A “Pit” for Union Station?

Preservationists oppose plan for hole in floor

Union Station, one of the loveliest buildings in Washington, is due for some upgrades.

As Washington City Paper's Lydia DePillis reported last week, its last major rehabilitation was a quarter-century ago, so planners now want to add “an intercity bus facility on the existing bus deck, an expanded mezzanine for the metro,” and a “giant mixed-use complex over the tracks feeding into the station from the north.”

What’s really causing controversy, though, is a plan to rip a huge hole through the floor of the iconic Great Hall, push the Center Café closer to the ceiling, and build spiral glass staircases connecting the whole thing. DePillis says the “design, reminiscent of New York City’s 5th Avenue Apple Store, is intended to open up sightlines on the main floor and open up access to the lower floor, especially for the disabled.”

Preservation groups spoke out against the plan, calling the planned "pit" an aesthetic nightmare that would also obstruct foot traffic across the Great Hall.
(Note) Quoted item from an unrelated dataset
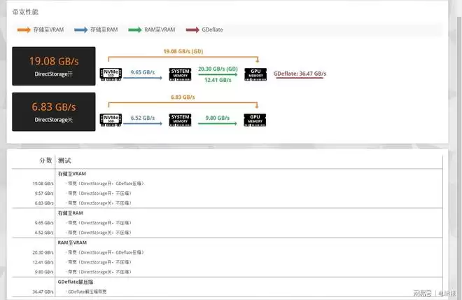 WIN11系统加入了微软的DirectStorage技术,允许GPU计算着色器直接访问NVMe SSD,使游戏数据能直接从硬盘传输到显卡显存中,大幅降低游戏加载时间。我们也在3DMARK中对宏碁ACER N8000进行了DirectStorage功能的测试,可以看到,在启用DirectStorage技术后,SSD到显存的带宽得到了大幅提升。在未启用DirectStorage功能的情况下,从SSD加载存储至显存时,带宽为6.83GB/s,而启用DirectStorage功能后,带宽提升至19.08GB/s,在支持DirectStorage技术的游戏中,ACER N8000可以带来秒开的游戏体验。

Some folks even think the Center Café, which dominates much of the hall currently, should be removed altogether.

At Beyond D.C., Dan Malouff decries the idea of cutting “holes in the floor” just “to access the food court.” Malouff says the Great Hall’s “elegant classicism is fundamentally incompatible with a mundane food court,” and while he calls the food court a “valuable and worthwhile” place, he rightly notes that it’s not exactly “hurting for customers. On the contrary, it’s uncomfortably packed most of the day.”

Malouff says the plan “is a solution in search of an imaginary problem” and argues that the Great Hall “should not be torn up on a whim. … By any measure it is a place that is working tremendously well already, and if it ain’t broke, don’t fix it.”

Alex Baca, at Greater Greater Washington, has a less halcyon view. Baca, who says she has spent most of her life in the area and adores much of its architecture and design, says Union Station “should be on my personal list of attractive, engaging sights. But when I rode Amtrak in and out last weekend, it was as unremarkable as ever. Unfortunately, the station was marked by dim lighting, low ceilings, an unattractive boarding area, and a Great Hall marred by an ill-lit and looming Center Café.”

She likes the controversial Union Station Redevelopment Corporation plan, saying it offers “a prime opportunity to seize hold of an innovative design, while integrating some of the space's more traditional aspects.” Train stations across the U.S., she argues, “look as they did in the early 20th century. Why does Union Station need to be just like Philadelphia's 30th Street Station, Denver's Union Station, or Los Angeles' Union Station?”

Baca fairly notes that many of the Great Hall’s best features, like its beautiful vaulted ceiling, would not be affected, and argues that the new design could actually “draw a viewer's eye” toward the ceiling, which the current and rather ugly café does not.

There are many perspectives on how to update this historic space.  But while the "pit" may be up for debate, it seems everyone thinks the Center Café is the pits.